Tynki sobie nadal spokojnie schną. We wtorek odwiedził nas projektant od kuchni. Od razu zauważył, że przeoczyliśmy kontakt na lodówkę oraz okap nad kuchenką. Ale szczególnym problemem to nie będzie, elektryk zrobi co trzeba a jeszcze dwa worki tynku mamy i będzie można bruzdy na kable ładnie załatać. Poza tym okazało się, że tynkarze nie wyciągnęli spod tynku trzech puszek elektrycznych. Co do tylu mamy pewność, ciekawe czy gdzieś jeszcze są jakieś schowane ;) Niestety, w związku z tym, że ekipa hydraulików i montażyści bramy garażowej są obłożeni robotą straszliwie ich robota została przesunięta na przyszły tydzień. Kanalizacja deszczowa też nadal w trakcie budowy.
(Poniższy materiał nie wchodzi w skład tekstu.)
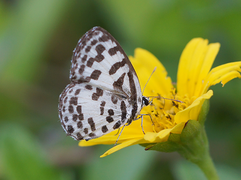 Vorder- als auch die Hinterflügel sind abwechselnd schwarz und weiß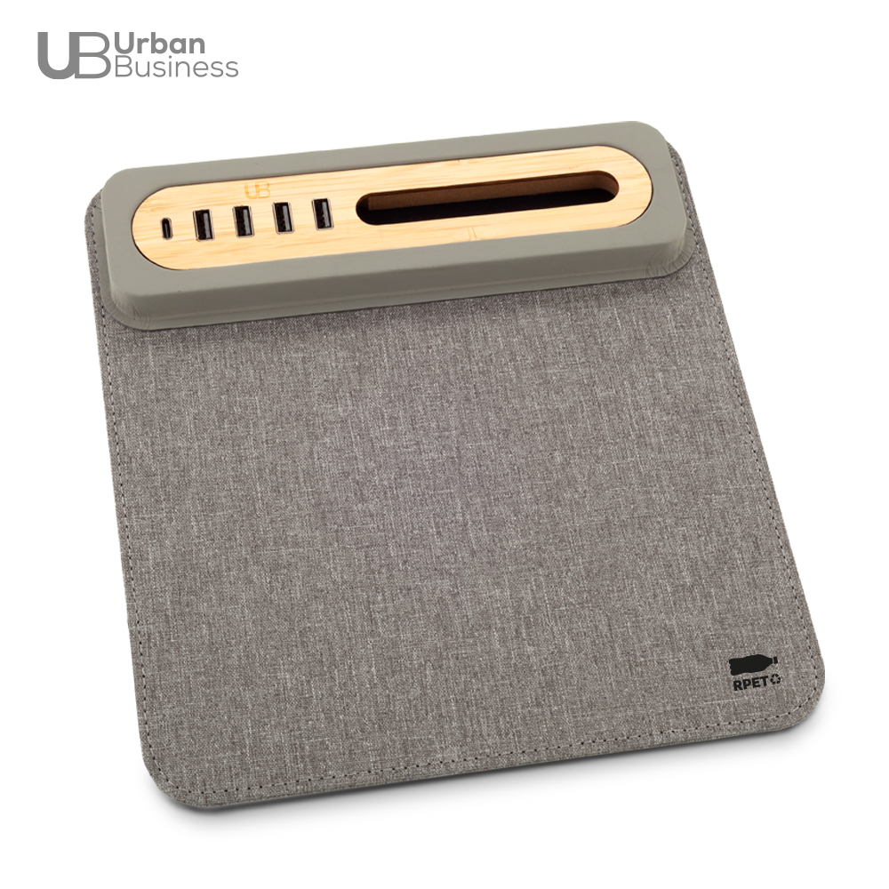 Mouse pad en poliéster reciclado RPET. Cuatro puertos Tipo USB, un puerto Tipo C y soporte para el celular en bambú. Empaque caja individual. Medidas: 24.1 cm x 22 cm. Marca: 10 cm / Screen.

Niestety te dwie, trzy godzinki po pracy to mało czasu, aby zakończyć dzieło w ciągu tygodnia. A weekend to już Święta... Właśnie, a propos Świąt, życzymy zaglądającym tutaj wesołych i spokojnych Świąt Wielkiej Nocy, smaczności na stołach i mokrego Dyngusa.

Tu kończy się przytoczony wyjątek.